I imagine we wouldn't have survived the last seventy thousand years without that instinct. Most of those millennia were well before anyone had the chance to build any surplus food stores from agriculture. Those were ages of hunger, lives spent from one end to the other in wandering, facing blizzards here and forest fires there, snake bites and broken bones, terrible wounds and blinding disease -- and yet, those who suffered survived, and we're here to remember them.

In The Mist a few of the the characters assert that humanity is unstable, insane, monstrous, kept from killing each other just by the thin veil of normalcy, at each other's throats the moment order breaks down -- "you put two people in a room together and they'll start picking sides and dreaming up reasons to kill each other," as Ollie says.

In my experience putting two strangers in a room will result in either tense silence or pleasant small talk. Maybe that's just how the culture of my valley works, and elsewhere people are more prone to picking sides?

But you have to have sides external to both parties for that to happen and sudden disasters tend to obscure those externalities, leaving only...someone else, someone to talk to, someone to hold onto, maybe no more than a buoy in a storm but better than nothing when all else is water and wind.

When you were a young one, what did you run to after any trouble? Arms to hold you and a voice that soothed your fears. You lost this habit as the years went by, but it is not all gone away. We still try to hold each other when there is nothing else to hold.

You would think that in The Mist the affected people would thus huddle together in their fear rather than tear each other apart, if the situation is actually a matter of survival. It is not as though these people are suffering the paranoia that arises from creeping disease. Their basic survival instincts are not driving individuals apart as they would in a plague scenario. At least not until Mrs. Carmody blames the Mist on a couple of the kids and orders them to be sacrificed. Before that point everyone is just being stupid and selfish in their panic, as if none of them actually cared about each other's survival, as if their instinct in the face of danger was to scatter instead of run to each other --

I can hardly call that realistic. If the movie shows such panic causing one death after another then it appears to argue that such actions do not help groups of people survive, and to say thereafter that humans are inherently selfish in survival situations is to run right into the solid fact that we're still alive in a cold and dangerous world.

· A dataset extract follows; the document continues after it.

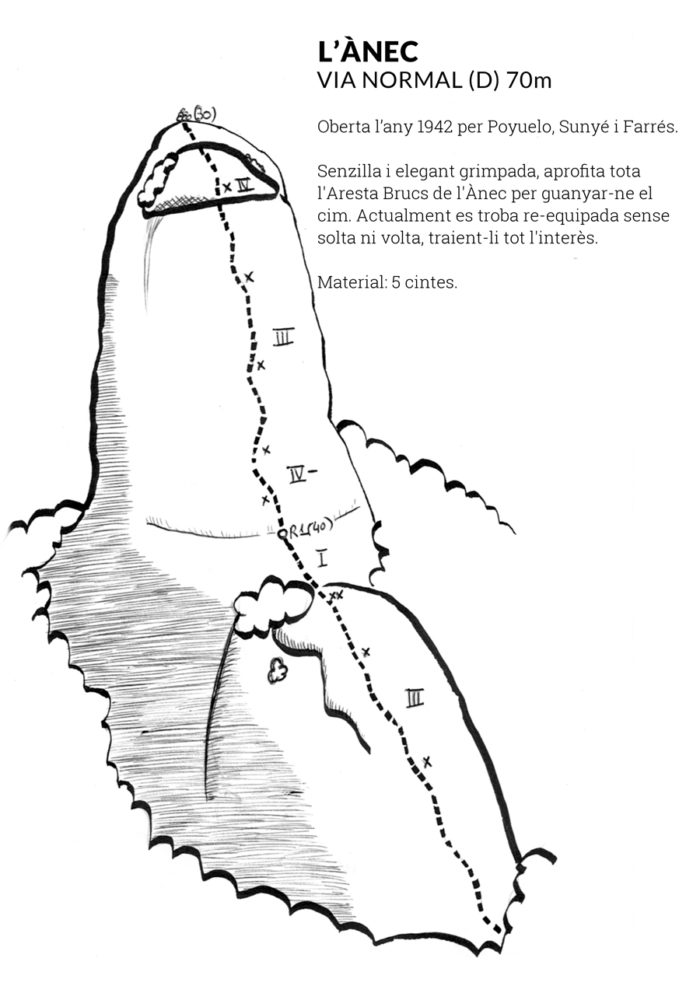 Completament equipada, la via no té pèrdua. Hem de grimpar des de la base del vessant sud fins arribar a un replà on es munta la primera reunió (en trobarem una abans que no cal fer). La segona tirada és més interessant amb el pas més complicat abans d’arribar al cim, un moviment de IV grau molt elegant que antigament es protegia clavant al llavi.

In The Dark Knight the Joker says that civilized people will devour each other as soon as the chips are down. If he's right it's only in terms of a well-built civilization. Without that solid foundation the only solid foundation we have is each other. We are not savage as a primal instinct, but as an option enabled by living settled and easy.

As soon as that civilization is shaken to pieces, we see the primal instinct of human beings clearly -- it is the sight of one hand reaching out to another.